Core text components
Contents
Core text components#
This page contains all core text concepts of medkit.
Note
For more details about public APIs, refer to
medkit.core.text.
Document, Annotations & Attributes#
The TextDocument class implements the
Document protocol. It allows to store subclasses of
TextAnnotation, which implements the
Annotation protocol.
Fig. 2 Text document and text annotation#
Document#
TextDocument relies on TextAnnotationContainer,
a subclass of AnnotationContainer, to manage the annotations,
Given a text document named doc
User can browse segments, entities, and relations
for entity in doc.anns.entities: ... for segment in doc.anns.segments: ... for relation in doc.anns.relations: ...
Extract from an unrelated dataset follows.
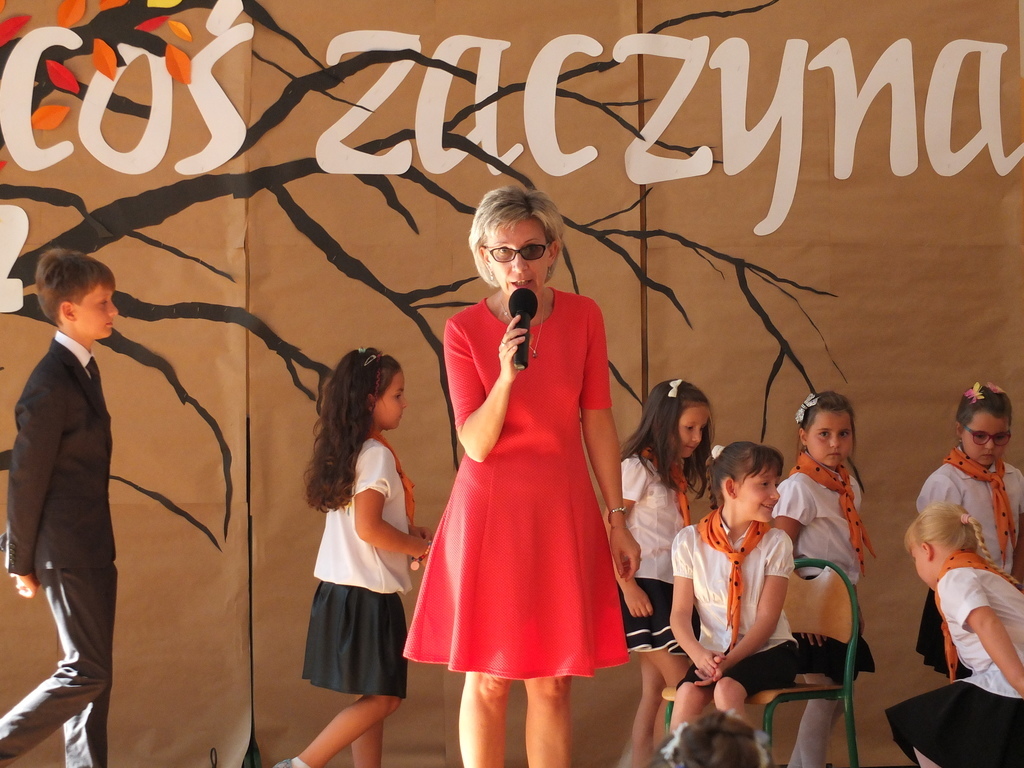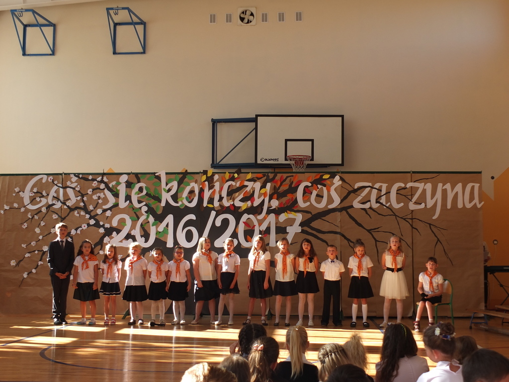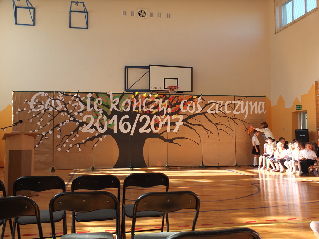 Po dwóch miesiącach wypoczynku, wakacyjnych wyjazdów, pełni energii wracamy, by powitać nowy rok szkolny. Rok ten jest wyjątkowy choćby dlatego, że nie ma wśród nas uczniów klasy I. Z tego powodu liczba uczniów zmniejszyła się do 146. Niemal wszyscy pojawiliśmy się o godzinie 8 w kościele, by następnie udać się na odnowioną salę gimnastyczną. Tutaj pani dyrektor przywitała zaproszonych gości, a także rodziców, nauczycieli oraz uczniów. Pokrótce opowiedziała o tym, co czeka nas w nadchodzącym roku szkolnym. Poznaliśmy wychowawców poszczególnych klas, a także nowych nauczycieli, którzy zasilą grono tych dobrze nam już znanych. Pani dyrektor przybliżyła nam też program zbliżających się wielkimi krokami obchodów jubileuszu stulecia szkoły, które będą miały miejsce 7 i 8 października tego roku, a do których przygotowania trwają już od wielu miesięcy. Kolejne zagadnienie poruszone przez panią dyrektor to reforma oświaty, która ma zostać wprowadzona od przyszłego roku szkolnego. Ma ona polegać m. in. na powrocie do ośmioletniej szkoły podstawowej i na likwidacji gimnazjów.

User can filter segments, entities and relations
sentences_segments = doc.get_segments(label="sentences") disorder_entities = doc.get_entities(label="disorder) entity = <my entity> relations = doc.get_relations(label="before", source_id=entity.uid)
Note
For common interfaces provided by core components, you can refer to Document.
Annotations#
For text modality, TextDocument can only contain
TextAnnotations.
Note
For more details about public APIs, refer to medkit.core.text.annotation).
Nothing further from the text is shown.